Bagian terakhir buku ini mengisahkan hari – hari yang bersejarah bagi negeri ini, segera setelah kekalahan Jepang , Tantri dirawat oleh laskar pejuang selama beberapa waktu sampai sembuh di Mojokerto, … mengharukan membaca bagaimana para pejuang waktu itu menawarkan bahwa mereka siap mengawalnya kalau dia berkeinginan ke luar dari wilayah Indonesia mengingat apa yang telah dia lakukan dalam gerakan bawah tanah di Jaman Jepang meskipun mereka sendiri juga berharap bahwa Tantri bersedia menggabungkan diri dengan perjuangan mereka.

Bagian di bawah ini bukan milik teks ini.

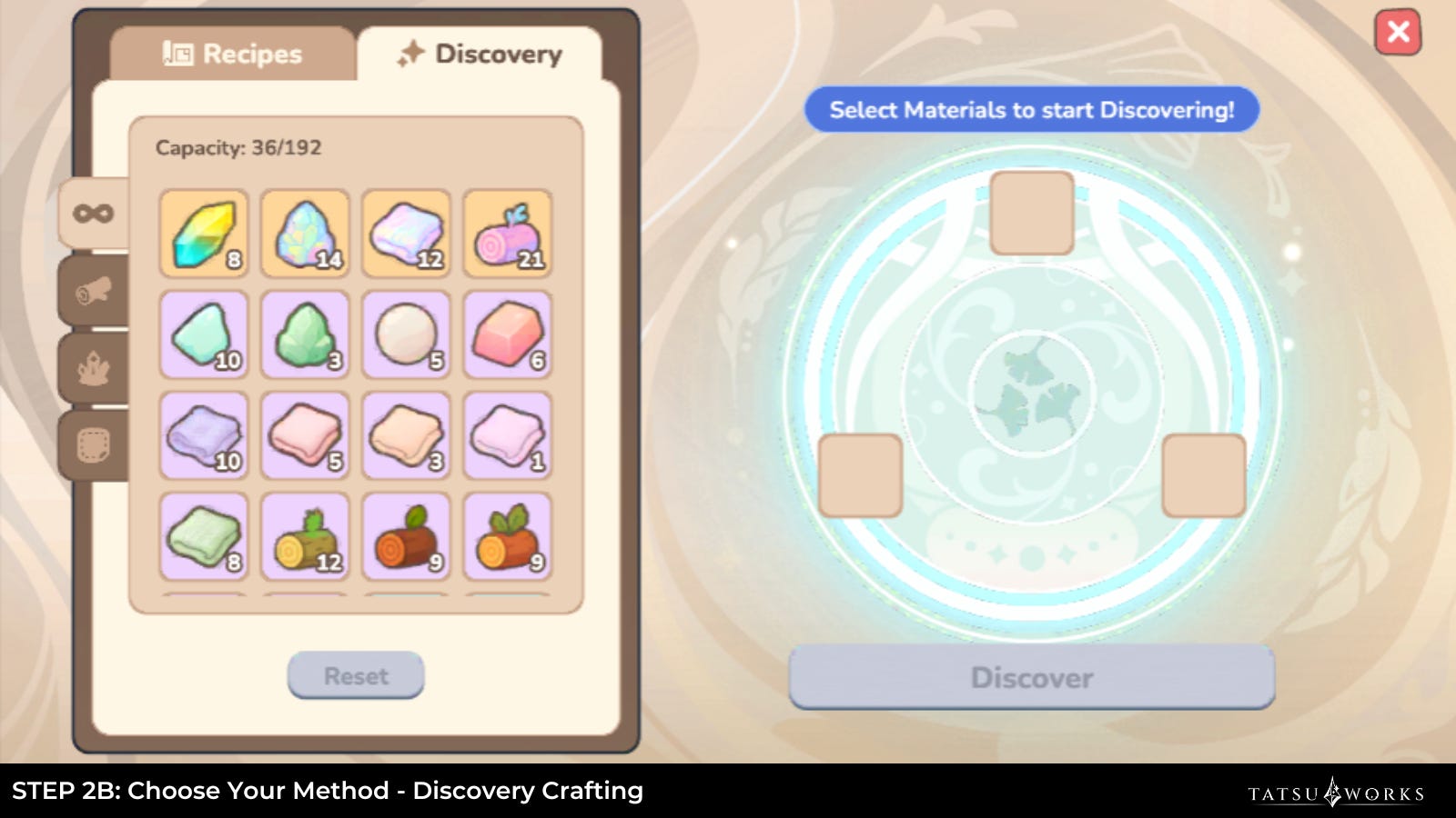 Discovery: Place up to 3 materials and see what happens. If the combination is right, youâll uncover a hidden recipe and keep it for good. A little trial, a little error, and a lot of surprise.

Pada akhirnya sejarah mencatat bahwa hari-hari berikutnya K’tut Tanri seperti yang belakangan dikatakan oleh Soekarno ’lebih Indonesia dibanding Inggris atau Amerika”. Membaca apa yang dia lakukan kita seolah nyaris tidak percaya bahwa dia bukan orang Indonesia… Pada waktu itu lewat siaran radionya pihak Belanda bahkan menawarkan 50.000 gulden bagi yang bisa menyerahkan K’tut Tanri. Periode ini juga mencatat bagaimana peran dia dari hari-hari disekitar pertempuran heroik Surabaya sampai peran dia di pusat republik waktu itu Yokya, dan persahabatan erat dia dengan bebeberapa pemimpin waktu itu. Buku ini bukan sebuah otobiografi dari perempuan super karena dalam beberapa kesempatan K’tut sendiri menuliskan ketakutannya ketika harus melakukan beberapa aksi intelejen, ataupun ketika menerobos blokade Belanda dengan berlayar dari Tegal ke Singapura sampai gerakan yang dia lakukan di Australia.

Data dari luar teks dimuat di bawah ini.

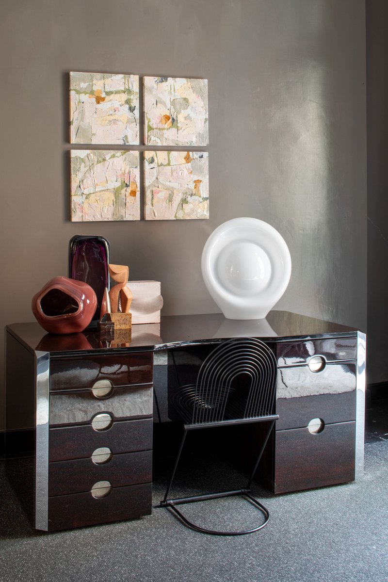 The history of Vistosi is one of the longest in the panorama of Murano glassmaking; its origins date back to the mid-16th century. Starting in 1945, a new phase in the company's history began: on the one hand, the concentration on the production of lighting items, with the collaboration with great names in Italian design, such as Gae Aulenti, Angelo Mangiarotti, or Ettore Sottsass, on the other hand, the acquisition of a furnace in Murano, which allowed Gino and Luciano Vistosi control of the entire production chain. The family ceded control of the company in 1989, with the foundation of Vetreria Vistosi, which still exists and produces, but on an industrial and no longer manufacturing scale.

Yang sepertinya cukup berharga (karena sangat jarang literatur yang menyinggung mengenai topik ini) adalah kisah dia mengenai jalur penyelundupan indonesia – singapura yang waktu itu menjadi salah satu sumber utama pendanaan republik. Sungguh kebetulan kah kalau ternyata soal korupsi oleh aparat negara pada saat itupun sudah ada …dan dikisahkan dalam otobiografi ini?

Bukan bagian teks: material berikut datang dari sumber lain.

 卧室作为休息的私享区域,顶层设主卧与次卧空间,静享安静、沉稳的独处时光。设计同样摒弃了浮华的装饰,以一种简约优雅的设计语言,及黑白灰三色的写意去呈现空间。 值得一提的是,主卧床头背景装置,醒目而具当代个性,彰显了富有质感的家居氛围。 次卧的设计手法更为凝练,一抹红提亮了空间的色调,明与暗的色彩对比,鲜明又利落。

Menurut saya buku ini cukup berharga sebagai sebuah dokumentasi sejarah, banyak hal yang tidak kita temui di dalam versi sejarah resmi kita. Lewat buku ini kita bisa merenung bahwa diatas sekat–sekat ”nasionalisme” ternyata ada nasionalisme yang lebih tinggi yaitu humanisme. Kisah K’tut Tantri menunjukkan bahwa kemerdekaan bangsa ini dahulu diperjuangkan dan didukung oleh banyak orang , … yang melihat kemanusiaan melebihi dari yang lain, kemanusiaan yang bisa melampaui dinding etnis, keyakinan ataupun budaya bahkan kebangsaan. Ditengah situasi polarisasi dan pengkotakan pada saat ini, kisah K’Tut Tantri bisa membuat kita kembali merenung tentang bagaimana bangsa ini dulu dibangun dan dipertahankan. K’tut Tantri meninggal pada 27 Juli 1997 di Sidney, Australia dengan perasaan cinta kepada Indonesia tidak pernah luntur. Peti matinya dihiasi bendera Indonesia dengan aksen Bali kuning dan putih. Seperti permintaanya, jasadnya diperabukan. Abu jenazahnya disebarkan di Pantai Bali. Sementara harta peninggalannya disumbangkan ke anak-anak Bali yang kurang mampu.